_Directions for this task:_ Transcribe the data underneath exactly, keeping every word in place.
(Beginning of Exercise data)
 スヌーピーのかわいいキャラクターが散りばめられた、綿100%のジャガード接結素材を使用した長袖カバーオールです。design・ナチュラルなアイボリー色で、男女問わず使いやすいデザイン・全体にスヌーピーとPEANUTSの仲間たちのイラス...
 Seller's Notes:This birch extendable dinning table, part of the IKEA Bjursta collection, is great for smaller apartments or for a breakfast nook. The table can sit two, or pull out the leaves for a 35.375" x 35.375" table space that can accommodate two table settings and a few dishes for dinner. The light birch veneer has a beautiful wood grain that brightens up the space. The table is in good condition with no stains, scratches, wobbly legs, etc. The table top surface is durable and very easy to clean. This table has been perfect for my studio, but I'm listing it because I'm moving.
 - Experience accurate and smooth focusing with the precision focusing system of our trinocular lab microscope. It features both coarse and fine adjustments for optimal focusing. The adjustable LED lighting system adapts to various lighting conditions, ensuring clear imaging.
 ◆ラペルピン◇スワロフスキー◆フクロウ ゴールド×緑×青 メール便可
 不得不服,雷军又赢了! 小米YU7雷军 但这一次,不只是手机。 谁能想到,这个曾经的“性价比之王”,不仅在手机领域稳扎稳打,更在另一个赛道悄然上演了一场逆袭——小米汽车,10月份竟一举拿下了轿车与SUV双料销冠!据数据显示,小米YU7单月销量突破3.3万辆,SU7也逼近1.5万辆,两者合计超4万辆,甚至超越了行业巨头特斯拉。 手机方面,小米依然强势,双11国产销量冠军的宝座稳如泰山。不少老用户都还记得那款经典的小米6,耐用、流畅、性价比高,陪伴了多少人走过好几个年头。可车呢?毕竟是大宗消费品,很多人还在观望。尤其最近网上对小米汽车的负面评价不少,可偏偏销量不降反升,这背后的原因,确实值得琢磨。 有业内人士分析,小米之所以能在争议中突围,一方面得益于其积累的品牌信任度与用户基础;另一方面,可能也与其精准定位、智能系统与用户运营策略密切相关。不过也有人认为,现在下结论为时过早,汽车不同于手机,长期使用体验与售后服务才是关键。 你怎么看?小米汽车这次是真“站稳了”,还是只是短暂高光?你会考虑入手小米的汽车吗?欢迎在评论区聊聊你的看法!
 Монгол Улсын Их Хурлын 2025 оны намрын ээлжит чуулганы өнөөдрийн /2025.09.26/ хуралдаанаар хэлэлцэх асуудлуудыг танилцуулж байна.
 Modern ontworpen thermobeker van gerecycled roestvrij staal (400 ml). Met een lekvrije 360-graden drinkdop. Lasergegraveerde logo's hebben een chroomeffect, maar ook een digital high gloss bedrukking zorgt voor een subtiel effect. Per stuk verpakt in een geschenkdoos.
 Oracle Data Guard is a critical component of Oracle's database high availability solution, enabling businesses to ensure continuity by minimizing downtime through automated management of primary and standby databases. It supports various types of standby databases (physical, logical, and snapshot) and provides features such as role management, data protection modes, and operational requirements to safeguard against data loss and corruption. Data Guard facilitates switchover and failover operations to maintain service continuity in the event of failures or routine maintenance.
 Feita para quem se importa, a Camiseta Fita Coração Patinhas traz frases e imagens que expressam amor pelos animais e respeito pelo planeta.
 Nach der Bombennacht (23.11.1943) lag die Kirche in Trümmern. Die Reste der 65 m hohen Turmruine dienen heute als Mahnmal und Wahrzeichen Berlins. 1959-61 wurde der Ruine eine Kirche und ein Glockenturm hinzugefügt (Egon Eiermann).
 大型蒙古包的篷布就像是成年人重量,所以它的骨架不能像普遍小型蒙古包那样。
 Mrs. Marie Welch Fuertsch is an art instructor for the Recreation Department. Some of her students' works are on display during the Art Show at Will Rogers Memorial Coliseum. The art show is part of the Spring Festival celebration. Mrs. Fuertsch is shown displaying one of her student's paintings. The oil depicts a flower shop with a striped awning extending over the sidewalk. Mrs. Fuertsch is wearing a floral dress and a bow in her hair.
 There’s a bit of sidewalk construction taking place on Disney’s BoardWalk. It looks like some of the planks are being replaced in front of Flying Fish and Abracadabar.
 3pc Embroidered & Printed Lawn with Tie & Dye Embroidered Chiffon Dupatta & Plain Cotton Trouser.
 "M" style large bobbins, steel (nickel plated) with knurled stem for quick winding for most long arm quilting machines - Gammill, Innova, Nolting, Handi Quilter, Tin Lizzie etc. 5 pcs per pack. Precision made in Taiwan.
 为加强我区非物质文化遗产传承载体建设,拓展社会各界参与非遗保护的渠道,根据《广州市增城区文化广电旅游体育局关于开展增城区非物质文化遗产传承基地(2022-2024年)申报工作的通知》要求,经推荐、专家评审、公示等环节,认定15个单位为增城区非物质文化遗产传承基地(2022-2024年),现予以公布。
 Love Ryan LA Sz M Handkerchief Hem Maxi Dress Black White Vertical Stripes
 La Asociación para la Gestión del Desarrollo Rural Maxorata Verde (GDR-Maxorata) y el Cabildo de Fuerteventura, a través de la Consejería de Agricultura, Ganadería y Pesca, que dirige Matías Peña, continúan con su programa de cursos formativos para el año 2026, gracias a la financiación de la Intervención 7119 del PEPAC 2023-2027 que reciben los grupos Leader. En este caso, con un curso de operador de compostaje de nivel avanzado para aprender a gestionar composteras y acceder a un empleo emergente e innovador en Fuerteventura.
(End of Exercise data)
_Output of the exercise:_
 スヌーピーのかわいいキャラクターが散りばめられた、綿100%のジャガード接結素材を使用した長袖カバーオールです。design・ナチュラルなアイボリー色で、男女問わず使いやすいデザイン・全体にスヌーピーとPEANUTSの仲間たちのイラス...
 Seller's Notes:This birch extendable dinning table, part of the IKEA Bjursta collection, is great for smaller apartments or for a breakfast nook. The table can sit two, or pull out the leaves for a 35.375" x 35.375" table space that can accommodate two table settings and a few dishes for dinner. The light birch veneer has a beautiful wood grain that brightens up the space. The table is in good condition with no stains, scratches, wobbly legs, etc. The table top surface is durable and very easy to clean. This table has been perfect for my studio, but I'm listing it because I'm moving.
 - Experience accurate and smooth focusing with the precision focusing system of our trinocular lab microscope. It features both coarse and fine adjustments for optimal focusing. The adjustable LED lighting system adapts to various lighting conditions, ensuring clear imaging.
 ◆ラペルピン◇スワロフスキー◆フクロウ ゴールド×緑×青 メール便可
 不得不服,雷军又赢了! 小米YU7雷军 但这一次,不只是手机。 谁能想到,这个曾经的“性价比之王”,不仅在手机领域稳扎稳打,更在另一个赛道悄然上演了一场逆袭——小米汽车,10月份竟一举拿下了轿车与SUV双料销冠!据数据显示,小米YU7单月销量突破3.3万辆,SU7也逼近1.5万辆,两者合计超4万辆,甚至超越了行业巨头特斯拉。 手机方面,小米依然强势,双11国产销量冠军的宝座稳如泰山。不少老用户都还记得那款经典的小米6,耐用、流畅、性价比高,陪伴了多少人走过好几个年头。可车呢?毕竟是大宗消费品,很多人还在观望。尤其最近网上对小米汽车的负面评价不少,可偏偏销量不降反升,这背后的原因,确实值得琢磨。 有业内人士分析,小米之所以能在争议中突围,一方面得益于其积累的品牌信任度与用户基础;另一方面,可能也与其精准定位、智能系统与用户运营策略密切相关。不过也有人认为,现在下结论为时过早,汽车不同于手机,长期使用体验与售后服务才是关键。 你怎么看?小米汽车这次是真“站稳了”,还是只是短暂高光?你会考虑入手小米的汽车吗?欢迎在评论区聊聊你的看法!
 Монгол Улсын Их Хурлын 2025 оны намрын ээлжит чуулганы өнөөдрийн /2025.09.26/ хуралдаанаар хэлэлцэх асуудлуудыг танилцуулж байна.
 Modern ontworpen thermobeker van gerecycled roestvrij staal (400 ml). Met een lekvrije 360-graden drinkdop. Lasergegraveerde logo's hebben een chroomeffect, maar ook een digital high gloss bedrukking zorgt voor een subtiel effect. Per stuk verpakt in een geschenkdoos.
 Oracle Data Guard is a critical component of Oracle's database high availability solution, enabling businesses to ensure continuity by minimizing downtime through automated management of primary and standby databases. It supports various types of standby databases (physical, logical, and snapshot) and provides features such as role management, data protection modes, and operational requirements to safeguard against data loss and corruption. Data Guard facilitates switchover and failover operations to maintain service continuity in the event of failures or routine maintenance.
 Feita para quem se importa, a Camiseta Fita Coração Patinhas traz frases e imagens que expressam amor pelos animais e respeito pelo planeta.
 Nach der Bombennacht (23.11.1943) lag die Kirche in Trümmern. Die Reste der 65 m hohen Turmruine dienen heute als Mahnmal und Wahrzeichen Berlins. 1959-61 wurde der Ruine eine Kirche und ein Glockenturm hinzugefügt (Egon Eiermann).
 大型蒙古包的篷布就像是成年人重量,所以它的骨架不能像普遍小型蒙古包那样。
 Mrs. Marie Welch Fuertsch is an art instructor for the Recreation Department. Some of her students' works are on display during the Art Show at Will Rogers Memorial Coliseum. The art show is part of the Spring Festival celebration. Mrs. Fuertsch is shown displaying one of her student's paintings. The oil depicts a flower shop with a striped awning extending over the sidewalk. Mrs. Fuertsch is wearing a floral dress and a bow in her hair.
 There’s a bit of sidewalk construction taking place on Disney’s BoardWalk. It looks like some of the planks are being replaced in front of Flying Fish and Abracadabar.
 3pc Embroidered & Printed Lawn with Tie & Dye Embroidered Chiffon Dupatta & Plain Cotton Trouser.
 "M" style large bobbins, steel (nickel plated) with knurled stem for quick winding for most long arm quilting machines - Gammill, Innova, Nolting, Handi Quilter, Tin Lizzie etc. 5 pcs per pack. Precision made in Taiwan.
 为加强我区非物质文化遗产传承载体建设,拓展社会各界参与非遗保护的渠道,根据《广州市增城区文化广电旅游体育局关于开展增城区非物质文化遗产传承基地(2022-2024年)申报工作的通知》要求,经推荐、专家评审、公示等环节,认定15个单位为增城区非物质文化遗产传承基地(2022-2024年),现予以公布。
 Love Ryan LA Sz M Handkerchief Hem Maxi Dress Black White Vertical Stripes
 La Asociación para la Gestión del Desarrollo Rural Maxorata Verde (GDR-Maxorata) y el Cabildo de Fuerteventura, a través de la Consejería de Agricultura, Ganadería y Pesca, que dirige Matías Peña, continúan con su programa de cursos formativos para el año 2026, gracias a la financiación de la Intervención 7119 del PEPAC 2023-2027 que reciben los grupos Leader. En este caso, con un curso de operador de compostaje de nivel avanzado para aprender a gestionar composteras y acceder a un empleo emergente e innovador en Fuerteventura.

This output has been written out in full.